# Can we run Win XP on Intel i3 2nd generation processor?



## applegrew (Aug 29, 2011)

My friend wants to buy an Intel i3 (2nd generation) powered CPU, but needs to run Win XP.

The computer vendors claim that it is not possible to run Win XP on it. Is that true?


----------



## sukesh1090 (Aug 29, 2011)

i think you will be able to run windows XP.ask the vendor why it is not possible if he tells the same thing again.


----------



## Tech_Wiz (Aug 29, 2011)

Windows XP wont give any problem with i3 but afaik it doesnt support SATA Native and needs SP2. As you will be with i3 so 100% HDD will be a SATA hence you have to take care of that.


----------



## saswat23 (Aug 29, 2011)

Why can you not run WinXP on i3 2nd gen. ??
I used to run WinXP on my i5-2400. It worked fine w/o any issues. Just changed to Win7 to be more ease and comfotable with Windows.

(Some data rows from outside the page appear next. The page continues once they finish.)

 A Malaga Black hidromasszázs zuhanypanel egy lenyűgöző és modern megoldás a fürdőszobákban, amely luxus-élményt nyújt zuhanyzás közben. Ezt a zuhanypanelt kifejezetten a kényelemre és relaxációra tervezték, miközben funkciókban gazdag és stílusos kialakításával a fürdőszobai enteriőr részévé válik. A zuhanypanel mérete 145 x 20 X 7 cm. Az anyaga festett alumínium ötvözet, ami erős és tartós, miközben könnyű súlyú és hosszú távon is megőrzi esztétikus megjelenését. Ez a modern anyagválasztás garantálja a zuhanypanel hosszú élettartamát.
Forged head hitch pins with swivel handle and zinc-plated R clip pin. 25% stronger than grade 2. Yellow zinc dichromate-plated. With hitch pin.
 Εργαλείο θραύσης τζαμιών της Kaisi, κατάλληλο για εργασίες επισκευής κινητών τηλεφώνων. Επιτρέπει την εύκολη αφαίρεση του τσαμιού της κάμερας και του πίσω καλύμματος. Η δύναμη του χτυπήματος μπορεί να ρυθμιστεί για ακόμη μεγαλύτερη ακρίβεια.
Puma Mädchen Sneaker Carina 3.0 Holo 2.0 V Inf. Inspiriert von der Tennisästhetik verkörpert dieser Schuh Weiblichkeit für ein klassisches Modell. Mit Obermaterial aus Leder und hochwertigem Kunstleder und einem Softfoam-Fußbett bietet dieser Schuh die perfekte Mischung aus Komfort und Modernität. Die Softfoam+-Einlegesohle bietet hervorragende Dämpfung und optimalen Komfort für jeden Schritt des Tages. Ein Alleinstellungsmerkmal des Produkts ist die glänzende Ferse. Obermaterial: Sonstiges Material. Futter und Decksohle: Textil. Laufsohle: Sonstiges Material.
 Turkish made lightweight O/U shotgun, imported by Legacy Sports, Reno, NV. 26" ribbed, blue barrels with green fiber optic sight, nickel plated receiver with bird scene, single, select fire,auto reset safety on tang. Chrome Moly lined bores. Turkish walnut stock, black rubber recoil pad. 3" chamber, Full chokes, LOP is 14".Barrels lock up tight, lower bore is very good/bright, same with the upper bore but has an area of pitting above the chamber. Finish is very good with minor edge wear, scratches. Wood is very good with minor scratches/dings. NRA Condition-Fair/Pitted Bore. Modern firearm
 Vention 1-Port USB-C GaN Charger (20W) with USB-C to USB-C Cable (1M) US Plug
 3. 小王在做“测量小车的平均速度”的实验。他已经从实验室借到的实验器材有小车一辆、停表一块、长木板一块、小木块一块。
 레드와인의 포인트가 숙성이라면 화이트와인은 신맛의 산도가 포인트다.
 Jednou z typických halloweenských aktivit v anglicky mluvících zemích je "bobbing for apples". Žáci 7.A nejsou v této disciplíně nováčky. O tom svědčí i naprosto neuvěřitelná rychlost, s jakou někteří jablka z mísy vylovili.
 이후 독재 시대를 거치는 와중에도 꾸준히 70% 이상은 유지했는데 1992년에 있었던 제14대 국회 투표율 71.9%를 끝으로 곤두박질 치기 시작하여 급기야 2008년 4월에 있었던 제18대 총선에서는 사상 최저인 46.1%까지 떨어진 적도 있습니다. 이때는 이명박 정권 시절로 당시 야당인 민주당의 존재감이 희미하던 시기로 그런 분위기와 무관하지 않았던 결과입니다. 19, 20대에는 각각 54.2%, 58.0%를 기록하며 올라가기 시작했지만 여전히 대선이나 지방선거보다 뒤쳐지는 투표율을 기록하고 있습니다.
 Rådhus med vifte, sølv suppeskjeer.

Dont worry. You will be able to run WinXP w/o any probs.


----------



## d6bmg (Aug 29, 2011)

Win XP SP3 will run on i3 processor without any problem.


----------



## saswat23 (Aug 29, 2011)

But i was running WinXP SP2 with my 2nd gen. i5. So, SP2 will also run fine on an 2nd gen. i3.


----------



## vidhubhushan (Aug 29, 2011)

the vendor might be having the idea that the board he is selling along with i3 might not be having drivers for win xp


----------



## MatchBoxx (Aug 29, 2011)

My advice: don't buy from that vendor!


----------



## paul.soumyabrata (Aug 29, 2011)

Actually these vendors think that they know, everything, and that is why they have said that to you! Windows XP SP2 runs fine on an 2nd-gen i3.


----------



## d6bmg (Aug 30, 2011)

MatchBoxx said:


> My advice: don't buy from that vendor!



+1 Best solution.


----------



## thetechfreak (Aug 30, 2011)

Yes you can run 
but
Windows 7 vs XP Performance Shoot-Out | PCMag.com


----------



## d6bmg (Aug 31, 2011)

^^ But when users need a basic gui with loads of advanced features, then no other OS can beat Windows XP, and also that's why Win XP is with us for more than 10 years.


----------



## abhi8569 (Aug 31, 2011)

Sure U Can . 90 % computer Vendor Dsnt have Technical knowledge.....Just they are doing business


----------



## d6bmg (Aug 31, 2011)

abhi8569 said:


> Sure U Can . 90 % computer Vendor Dsnt have Technical knowledge.....Just they are doing business



Off-topic: Welcome to TDF!!


----------